И Берта называла его “месье” до тех пор, пока этого не заметила мама и не возразила:

– Почему бы тебе не называть его папой?

И Берта называла его папой до тех пор, пока не вмешалась я:

– Ты что, не можешь называть его Морисом, как я?

И Берта называла его Морисом до тех пор, пока…

* * *

Впрочем, этот столь деликатный супруг (когда я говорю

столь,

я имею в виду

слишком)

тоже мог попасть

впросак. Я уже раз видела в Нанте, как он запнулся, не будучи в состоянии назвать мое имя и званье своему

коллеге мэтру Шагорну, который, пожав ему руку, склонился в мою сторону:

– Я полагаю, мадам Мелизе?

В Залуке я застала его у изголовья моей матери, усыпленной, или, вернее, оглушенной лошадиной дозой

успокоительного, которое пришлось дать ей выпить, чтобы умерить сильный приступ невралгии одновременно

с новым наступлением болезни. Он сидел неподвижно, упершись локтями в колени, и лицо его было искажено

выражением такого отвращения и ужасного ожидания, что я рванулась вперед, взбудораженная, пылающая,

возмущенная при мысли о том, что могла этого желать.

– Тсс! – прошептал он, приложив палец к губам.

Так я ошиблась? Черты его лица выражали теперь лишь печаль и усталость, и тщетно я искала в них хоть

тень, хоть след той ужасной надежды, возможно бывшей плодом моего воображения.

* * *

Но что это за взгляд, куда не просачивается и половины наших опасений? В моем уже не было доверия, я

воображала, будто целый мир сплотился против меня. Почему всех так беспокоит то та, то эта Изабель?

Однажды, по окончании службы, меня ухватил за рукав кюре:

– Тебя не слишком часто видно, девочка моя.

На следующий день ко мне обернулся доктор Магорен, после того как мы поделились с ним своими

опасениями о возможных почечных и сердечных осложнениях у мамы:

– Что это ты какая-то не такая?.. Боже мой! Да она пудрится… и красится!

Велико преступление – слегка припудриваться и пользоваться лосьоном, а вовсе не краской, который

делает не таким ярким цвет ваших волос! Нат уже раздула из этого целое дело, и по крайней мере десять

человек в поселке и в Нанте сочли – или еще сочтут – себя обязанными улыбаться как-то по-особенному.

Среди прочих – мэтр Тенор. Только случай не давал мне встретиться с ним в коридорах Дворца

правосудия. Но в конце концов я наткнулась на него в приемной.
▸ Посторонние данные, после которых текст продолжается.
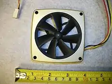 TMD moves the motor out of the hub of the fan and puts it around the edge. The impeller blades are surrounded by a ring studded of twelve magnets which are acted upon by four coils located in the corners of the frame.

– Я тебя и не узнал, – воскликнул он. – Так это правда, что ты работаешь с Морисом? Залука, стало

быть, надоела?

Залука! Она тоже горячилась, словно протестуя всеми своими деревьями, гнущимися под порывами

ветра, и я будто ее голос слышала, когда Нат, будучи не в духе, кричала: “По стопам матери пошла! Город тебе

голову кружит!” – или когда она была в духе и ее голос журчал тонкой струйкой: “А ты ведь дорожила этим

домом, Иза”.

Я чувствовала себя виноватой. Временами в кабинете я вдруг удивлялась тому, что я здесь, мне не

хватало воздуха, простора, движения, я принималась под каким-нибудь предлогом бродить по паласу, какое-то

время с удовлетворением чувствуя, как каблуки погружаются в него, словно в перегной, но вскоре приходя в

раздражение от этого вялого однообразия, от отсутствия хрустящей веточки, шуршащего гравия, хлюпающей

кочки, измазывающей подошву.

Однажды, в середине марта, это стало так серьезно, что я, побродив несколько минут вокруг

копенгагенской вазочки на круглом столике, не выдержала. Морис был на процессе; я оставила ему записку на

бюваре, а затем изрядно потратилась на такси, доставившее меня в За– луку, где меня восторженно встретила

Нат.

В восемь с четвертью, когда вернулся Морис, я вовсю мазала себе горло и храбро раскрыла перед ним

рот, где от десен до язычка не было видно ничего, кроме метиленовой синьки.

– У нее ангина, – сказала Нат.

Морис поверил и дал мне неделю на отдых. Но уже на четвертый день, устав бродить по берегам и

тропкам, уверенная в том, что не обрету здесь радости, я вернулась в Нант.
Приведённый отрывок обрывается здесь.